- [Exercise details]:
Look below for the line with "Schlüßel Anhänger Leder" and the line with "乾物や軽めの食品パッケージ、". Copy exactly those two lines and every line between, but not the pictures.

- [Extracted entries]:
------

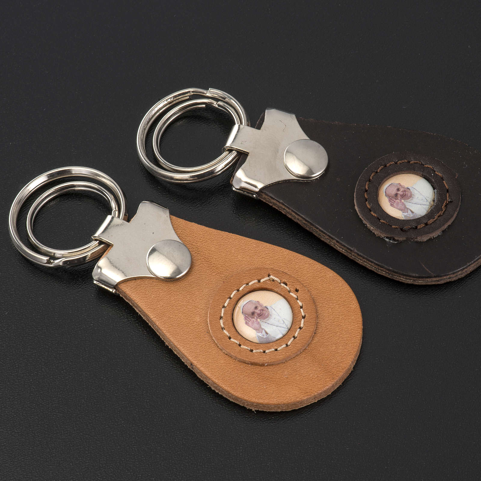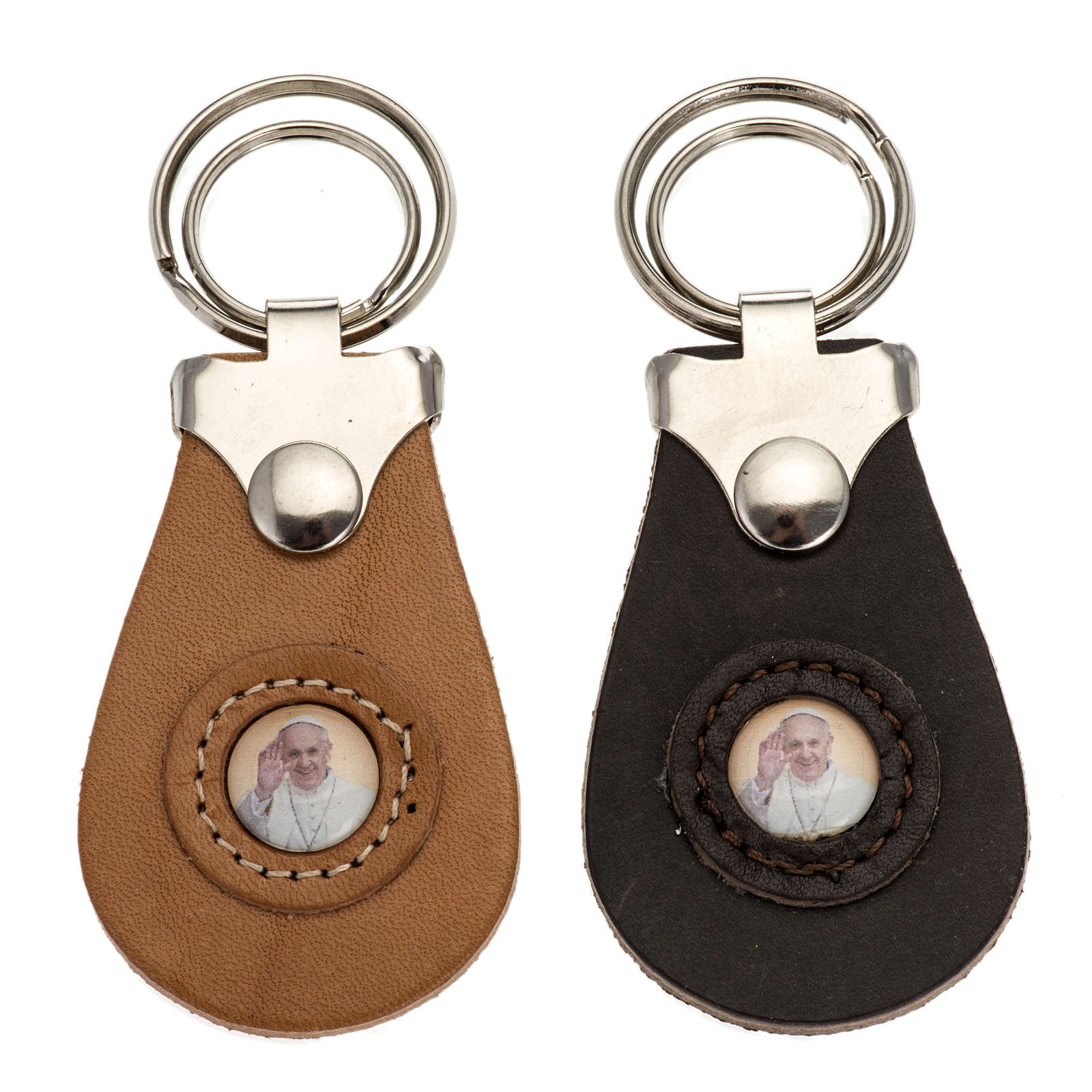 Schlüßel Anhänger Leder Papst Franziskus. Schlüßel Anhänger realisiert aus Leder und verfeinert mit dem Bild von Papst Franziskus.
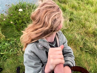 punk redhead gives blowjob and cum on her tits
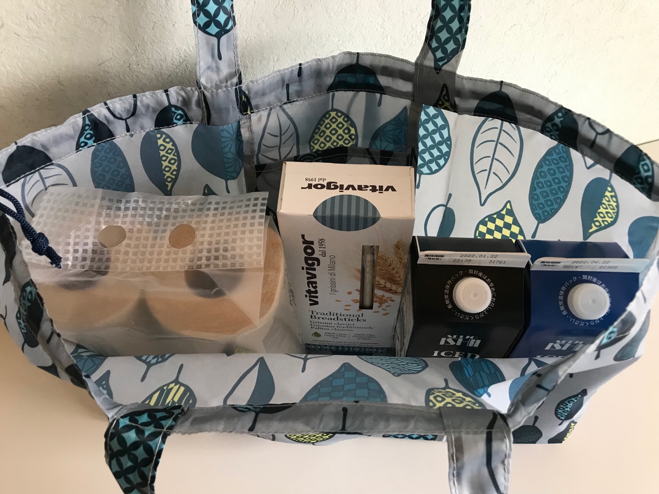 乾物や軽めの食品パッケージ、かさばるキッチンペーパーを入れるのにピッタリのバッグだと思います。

------

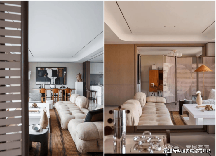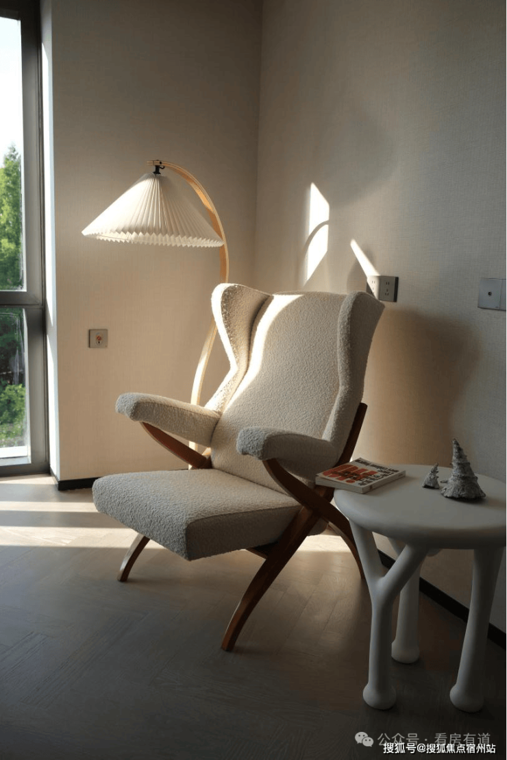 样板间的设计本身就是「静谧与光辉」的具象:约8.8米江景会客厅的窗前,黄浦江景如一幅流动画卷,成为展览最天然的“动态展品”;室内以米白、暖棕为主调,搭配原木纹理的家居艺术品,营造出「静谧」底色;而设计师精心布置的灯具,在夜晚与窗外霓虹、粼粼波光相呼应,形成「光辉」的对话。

------

- [Response to the exercise]:
 Schlüßel Anhänger Leder Papst Franziskus. Schlüßel Anhänger realisiert aus Leder und verfeinert mit dem Bild von Papst Franziskus.
 punk redhead gives blowjob and cum on her tits
 乾物や軽めの食品パッケージ、かさばるキッチンペーパーを入れるのにピッタリのバッグだと思います。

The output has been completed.